Furthermore, the Singapore government is always raising taxes on cigarettes every few years, and I do not forsee the tax increases to stop.

By saving $1,980 a year, the money could be spent on a couple holiday around Taiwan and we would still have some spare cash left over.  If you are a fresh grad out of polytechnic, earning $1800 a month, that expenditure on cigarettes is almost 1 month of your salary.  If you are an executive with a degree, that amount would be equivalent to 0.5 – 0.7 months of your bonus.  If you are a super-rich baller, think of the health complications that are looming like dark clouds in your distant future, ready to prevent you from having fun with all your hard earned money!  If you are an investor, look at the opportunity costs worked out below:

2 investors, 1 smoker, 1 a non-smoker.

Smoker invests : $5,000 a year

Non-smoker invests: $5,000 + $1,980 = $6,980 a year

Using S&P500 index, annualised about 7.6% in 10 years.

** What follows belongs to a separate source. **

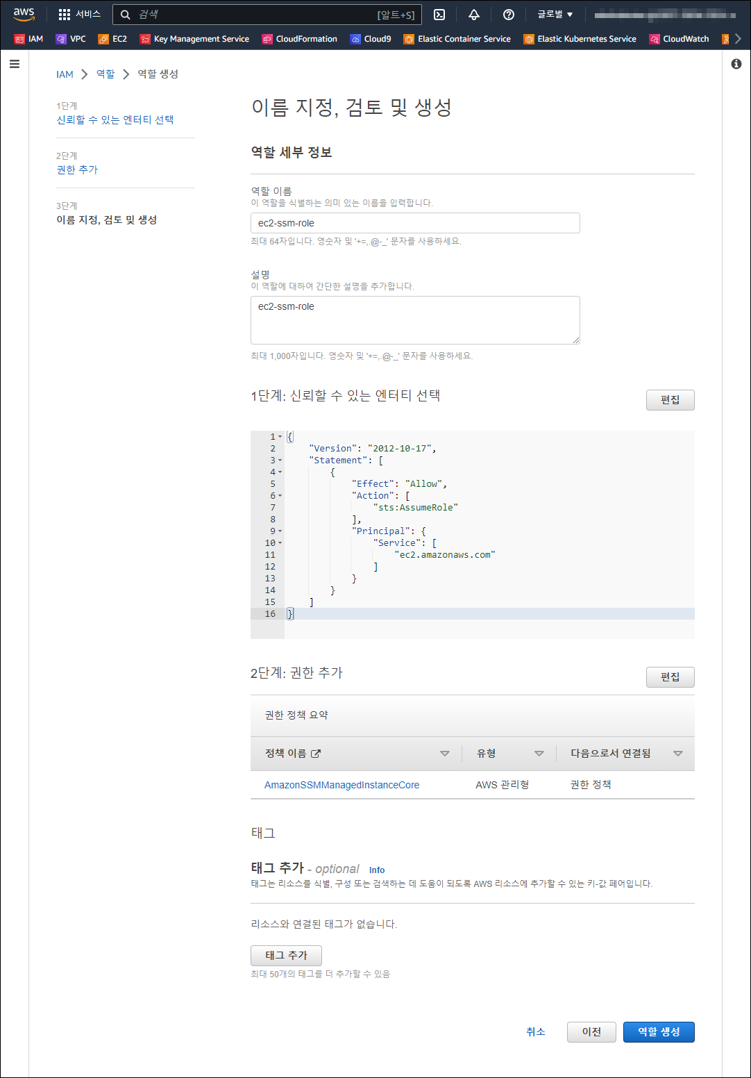 1) AmazonSSMManagedInstanceCore 역할 생성
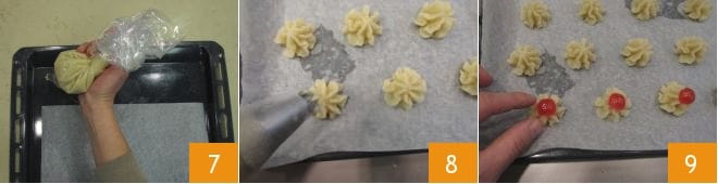Forre una bandeja de horno con papel de horno que puede fijar mejor exprimiendo un poco de masa en las 4 esquinas de la bandeja 7. Forme montoncitos de 3 cm de diámetro y unos 2 cm de altura 8 y decore parte de ellos con las cerezas confitadas cortadas por la mitad 9

The smoker will add an additional $5,000 to his investments annually, while the Non-smoker adds an additional $6,980 to his investments annually.

After 10 years their investments become:

Smoker : $71,071.34

Non smoker: $99,215.59

Difference = $28,144.25

Assuming annualised returns remains the same for 20 years,

Smoker : $218,919.95

Non smoker: $305,612.25

Difference = $86,692.30

 

Of course, this is just an oversimplified calculation, but I am sure you get the idea.  We must train our minds to really see long term and not give in to short term gratification.  Even with this arguments presented, many people reading this will still not quit. Try cutting down first, try taking nicotine gum or patches, then cut down on the nicotine intake, and finally wean yourself off the addiction. Cutting down your nicotine intake is already a good start!

Thanks to the Gf knocking some sense into me, I have stubbed out before my cash and health both go up in smoke.